*** Data for this task ***
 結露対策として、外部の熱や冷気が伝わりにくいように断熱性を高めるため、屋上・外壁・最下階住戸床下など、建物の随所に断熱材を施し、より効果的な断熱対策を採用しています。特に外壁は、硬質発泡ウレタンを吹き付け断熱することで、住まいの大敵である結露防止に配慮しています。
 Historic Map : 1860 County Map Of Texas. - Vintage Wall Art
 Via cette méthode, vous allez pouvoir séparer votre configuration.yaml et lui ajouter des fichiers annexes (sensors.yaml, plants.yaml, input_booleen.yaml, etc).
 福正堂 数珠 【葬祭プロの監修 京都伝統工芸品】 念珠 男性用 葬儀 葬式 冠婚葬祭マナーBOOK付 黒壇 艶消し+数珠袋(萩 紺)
*** End of Data for this task ***
*** Data for this task ***
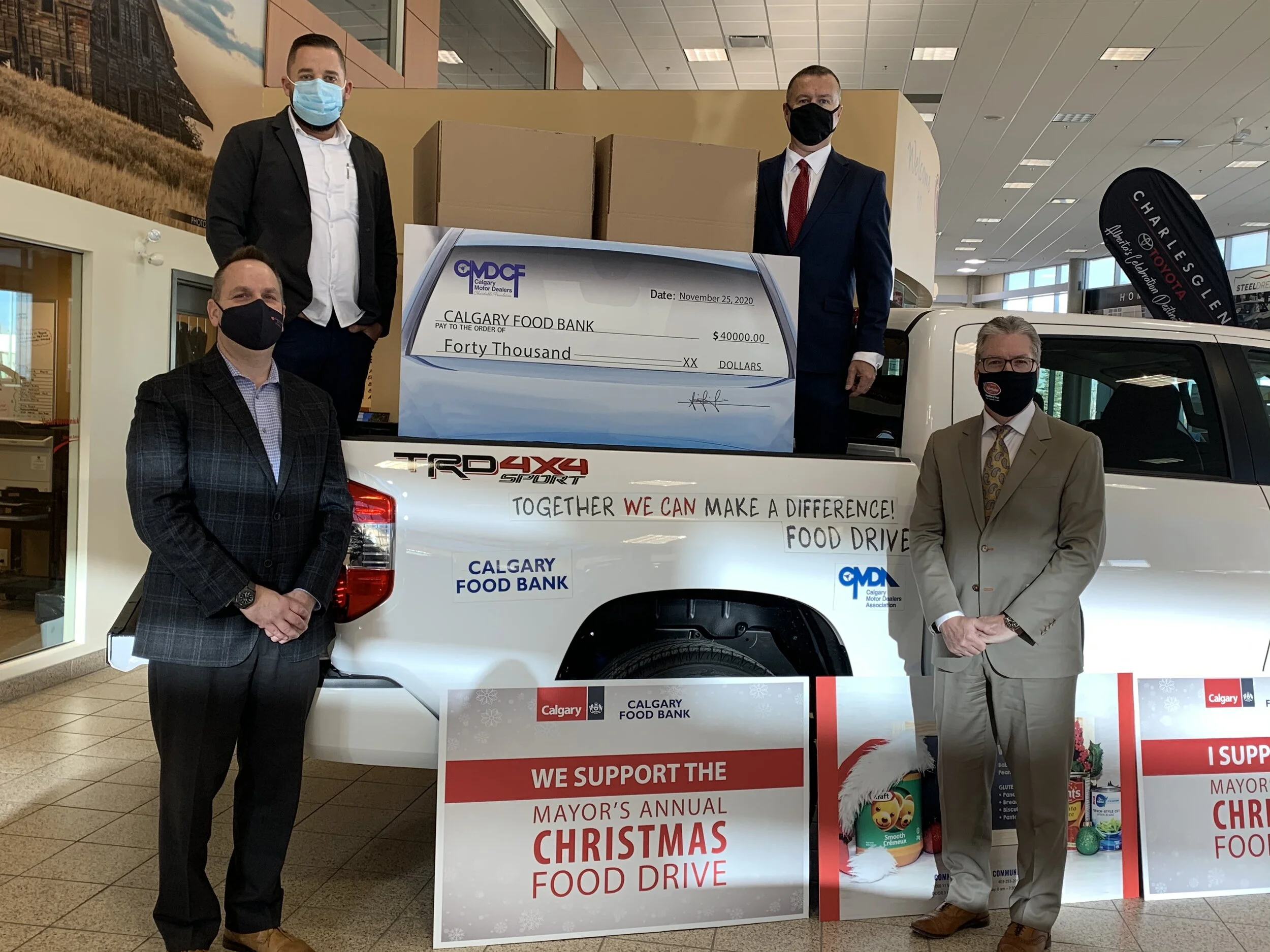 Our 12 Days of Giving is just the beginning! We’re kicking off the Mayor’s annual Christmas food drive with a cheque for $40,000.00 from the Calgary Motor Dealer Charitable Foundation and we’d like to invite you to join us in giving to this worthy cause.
*** End of Data for this task ***
[Work task] Using the data above, reproduce exactly the lines between those holding "Via cette méthode, vous" and "福正堂 数珠 【葬祭プロの監修", inclusive, and no others.

[Answer to the problem]
 Via cette méthode, vous allez pouvoir séparer votre configuration.yaml et lui ajouter des fichiers annexes (sensors.yaml, plants.yaml, input_booleen.yaml, etc).
 福正堂 数珠 【葬祭プロの監修 京都伝統工芸品】 念珠 男性用 葬儀 葬式 冠婚葬祭マナーBOOK付 黒壇 艶消し+数珠袋(萩 紺)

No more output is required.